System software consists of a computer’s BIOS and OS. The primary reason that computers can’t handle read instability without specialized tools is that the system software reads each disk sector presuming that the sector is not corrupted—that is, that the data is read-stable. A sector on a disk typically consists of a header, 512 bytes of data, and error correction code (ECC) bytes (Figure 1). Other bytes are present to facilitate read/write synchronization.

For simplicity, the ECC bytes can be thought of as a checksum to validate data integrity. Most current hard disk drives are Advanced Technology Attachment (ATA) compliant devices. The system software reads the drive sector-by-sector, using the standard ATA read sector command. If a sector has a wrong ECC checksum, it returns no data, just an error, despite the fact that most of the bytes in the sector are likely correct and all are actually readable, even if some of the data is corrupt. The system software is unable to access data byte-by-byte, using other ATA read commands that read data regardless of ECC status.

 Example of Sector Format.

The system software reads drives in this way because the mandate of computer architecture is to create a reliable, stable machine that runs at the highest possible speed. The system software cannot allow errors to be propagated from the hard drive to the computer’s random access memory (RAM). These errors might be part of an executable file that would then cause the computer to stop responding. Thus, system software has a low tolerance for read instability and assumes that the drive is working correctly without delving into drive errors except to flag whole sectors as bad and to avoid reading them.

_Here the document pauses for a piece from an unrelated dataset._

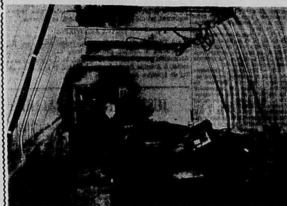
ESTUDO DOS RAIOS COSMICOS — Foi construído, na Colina Lenin, em Moscou, um centro para o estudo da incidência dos raios cósmicos, o qual será transferido, em breve, para o Instituto de Física da Universidade de Moscou. O Centro consiste em 15 laboratórios que registram, simultaneamente, a incidência dos raios cósmicos. Todas as radiações são controladas por dois painéis. Estas pesquisas tornaram possível tirar importantes conclusões, concernentes às características da interação nuclear de altas energias, que, no presente, não podem ser obtidas num laboratório. No clichê cientistas estudam dados experimentais. (Especial para IMPRESA POPULAR)

cializados em várias profissões, durante este ano e no decorrer do ano de 1958. Tratoristas, choferes de caminhão, mecânicos de máquinas agrícolas e eletricitistas serão treinados com a ajuda de técnicos soviéticos.

Also, in many cases the system software is unable to handle drive errors, a situation that may cause the system to stop responding.

Using the system software to read a drive is also time-consuming and involves intense drive processing, leading to further wear. This wear increases the likelihood of further disk degradation during the imaging process. See “Processing All Bytes in Sectors with Errors ” for more information on how disk imaging is by its nature very demanding on the drive, involving multiple reads on the entire disk and modifying its firmware data. Since progressive disk degradation is common (that is, read instability increases with use), it is desirable to reduce the
demands on the drive.

Thus, even a relatively low level of read instability, which is common for drives in recovery, can lead to the computer not being able to read the drive at all, despite the fact that the drive is still readable by other means.